For most of us to successfully begin recognize and understand our shame triggers, we first need to accept that acknowledging our vulnerabilities is an act of courage.  We must be mindful in our attempts not to see vulnerability as weakness.  I'm very lucking when it comes to this difficult endeavor.  My mother taught me a tremendous lesson about vulnerability and courage.  In the late 1980s, my mom's only sibling, my uncle Ronnie, was killed in a violent shooting.  Just months after his death, my grandmother basically checked out mentally and emotionally.  Having been an alcoholic most of her life, my grandmother didn't have the emotional resources she needed to survive a traumatic loss like this.  For weeks, she roamed her neighborhood, randomly asking the same people over and over if they had heard about his death.

One day, right after my uncle's memorial service, my mom totally broke down.
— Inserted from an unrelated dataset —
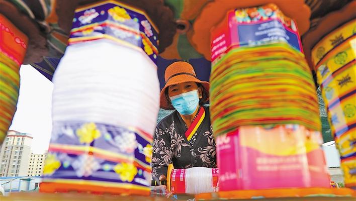 在拉薩河谷售賣風(fēng)箏的攤位中,拉薩風(fēng)箏制作技藝自治區(qū)級代表性傳承人普窮的生意最紅火,經(jīng)常有客人一買就是幾十只風(fēng)箏。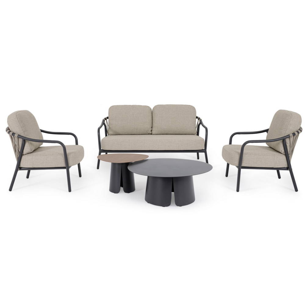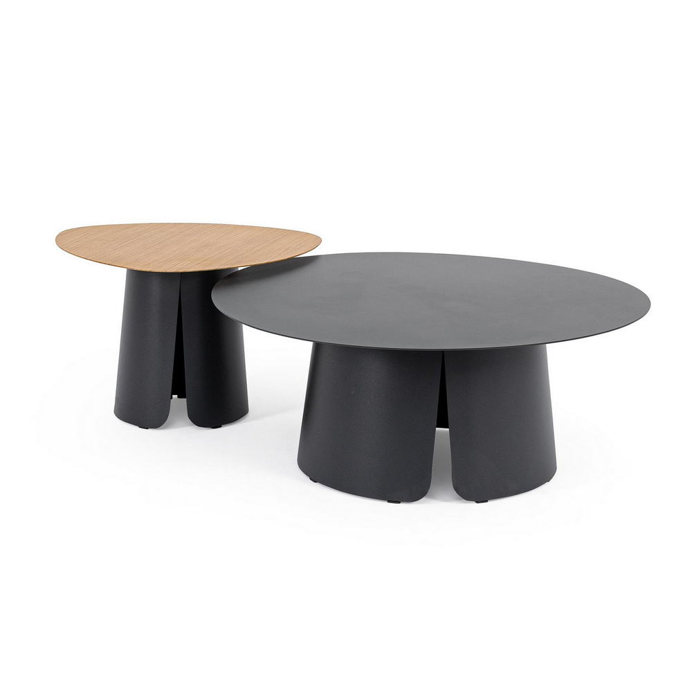 Комплект кавових столів Bizzotto HAYDEN — це філософський трактат у матеріалі. Його дует конусоподібних основ, що несуть архетипове коло та органічну форму гальки, об'єднаних технологією алюмінію та поліестеру,

I had seen her cry once or twice, but I certainly had never seen her cry uncontrollably.  My sisters and I were afraid and crying mostly because we were so scared to see her like that.  I finally told her that we didn't know what to do because we had never seen her "so weak."  She looked at us and said, in a loving yet forceful voice, "I'm not weak.  I'm stronger that you can imagine.  I'm just very vulnerable right now.  If I were weak, I'd be dead."  In that split second, I knew my mom was probably the strongest, most courageous woman I would ever know.  She did more than give us permission to use the world vulnerable—she taught us that acknowledging our vulnerability is a true act of ordinary courage. (pp. 81-82)

I want to be more mindful of how I think about my vulnerabilities.